After seven straight weeks of anti-parking meter protests, the Government will finally move to recommend that the Georgetown Mayor and City Council (M&CC) suspend the controversial contract.

According to sources, the decision was made at Tuesday’s Cabinet meeting. There are also expectations that further consultations and a full review of the system and contract will be requested.parking meter

Since the Georgetown M&CC runs the municipality, it is understood that Communities Minister Ronald Bulkan would be the one to meet with the City Council to discuss the decision.

The Government has maintained a careful distance on the issue after the Finance Ministry and the Attorney General’s Chambers completed damning reviews of the original contract.

The Government has consistently said that it could not interfere as City Hall was autonomous –although that position changed in January when Natural Resources Minister Raphael Trotman said that the State would intervene only if necessary.

And even though amendments were made by the company, Smart City Solutions Incorporated (SCSI), a visibly large proportion of the populace has rejected all but the scrapping of the contract.

Just two weeks after the introduction of parking meters in Guyana, citizens had gathered to protest the move. The crowd had consisted of parliamentarians, business owners and members of civil society.

The Movement Against Parking Meters (MAPM), a lobby group, was instrumental in organising the protests. The protests also came after Georgetown Deputy Mayor Sherod Duncan, who has been vociferous in his opposition to the project, staged a one-man protest outside Bishops’ High School, where a parking meter had been installed.

The protesters had listed several concerns with the project. Feasibility, transparency and the cost for parking were some of the foremost concerns about the City Council’s new method of taxation.

Some had agitated for the immediate removal of the parking meters owing to the expenses and the slowdown in commerce which businesses experienced.

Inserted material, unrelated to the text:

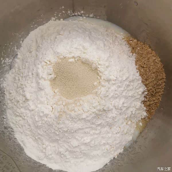 加入650g高筋面粉、10g小麦麸皮、10g奇亚籽,面粉中挖个洞,倒入9g耐高糖酵母。(如果气温很高,可以减少酵母用量,减到6g也是可以的,今天太冷了

Others, however, had stated that they were merely requesting a reduction in the cost, as the current rates did not cater for working-class citizens and the poor.

The first protest had been greeted by pro-parking meter activists. Mayor Patricia Chase Green had also responded to the protesters, who she referred to as “high class”. She had claimed that persons failed to engage the Council on matters concerning the parking meters, and chose various forms of demonstration instead.

Supported by the Town Clerk Royston King, the duo had highlighted the advantages of the initiative, including creating more than 50 jobs. King had labelled the protesters’ actions as “backwards thinking”, stating that the meters would ensure the restoration and development of the country.

Since the implementation of the meters, however, all evidence points to the contrary. Motorists have largely boycotted the metered spaces and businesses have complained bitterly about a slump.

The Georgetown Chambers of Commerce and Industry (GCCI) and the Private Sector Commission (PSC) have reported complaints of a 50 per cent drop in sales from the business community.

And protests have shown no signs of losing steam, despite several belated attempts by SCSI and the Mayor and Town Clerk to mollify those who are against the project. Large signboards have even been erected urging citizens to support a project seen by Government reviews as monopolistic and oppressive.

Meanwhile, efforts to contact Minister of State, Joseph Harmon, to expound on Cabinet’s deliberations were futile.